I’ve recently published a paper with a colleague Dr Rebecca Siddle for a special edition of Assessment and Evaluation in Higher Education, The paper explored the impact of ‘no-engagement’ alerts for identifying students in need of further support and contrasted it with using background characteristics. In this paper, we used widening participation status as a proxy for poorer socio-economic background. The essence of the paper is that:
- Learning analytics is an effective way to target learners in need of further support. The ‘no-engagement’ alerts were effective at providing early warnings. As students generated more alerts they were both less likely to progress to the next year and less likely to achieve higher grades.
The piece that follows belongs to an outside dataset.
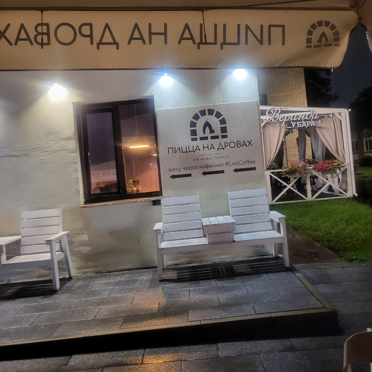 Пиццерия «Пицца на дровах» существует в симбиозе с кофейней #LeoCoffee: у них одна веранда, один вход, что их роднит - не знаю, где проходит между ними граница - тоже не совсем понятно, да это и не особо важно. Внутри несколько маленьких зальчиков, в самом дальнем и расположена дровяная печь, в которой и делают пиццу на дровах.

- We don’t use socio-economic factors in our core algorithm, nonetheless, students from disadvantaged backgrounds were still more likely to be identified because they engaged less with academic activities.
- The ‘no-engagement’ alerts are more efficient at identifying students at risk than background characteristics. If we base alerts on WP status, we will generate lots of false positive alerts (about three for every student we successfully identify as being at risk). However, if we use ‘no-engagement’ alerts we generate less than one false positive alert for every accurate alert raised.
We took a strong view when we first started using learning analytics that demographics shouldn’t be in the algorithm for deciding risk. I still feel that’s the right approach, the role of background in algorithms is rightly a cause for concern. We didn’t include the following graph in the paper (for lack of space), but I think it helps make an important point. On average, Widening Participation students had a lower average engagement rating than their peers. But if you look at the two bars, WP students engagement is bifurcated, pushed to the extremes, they are both more likely to be highly-engaged and lowly-engaged than their peers (*1). Targeting students using background would target both sections of the WP cohort.
There’s room for considering strategies for targeting within cohorts of historically disadvantaged groups, but we remain concerned about adding background into algorithms.
Ed Foster & Rebecca Siddle (2019) The effectiveness of learning analytics for identifying at-risk students in higher education, Assessment & Evaluation in Higher Education, DOI: 10.1080/02602938.2019.1682118
(*1) We see the same pattern in most groups with poorer attainment. The one exception is male students who are just less engaged on average than their female peers.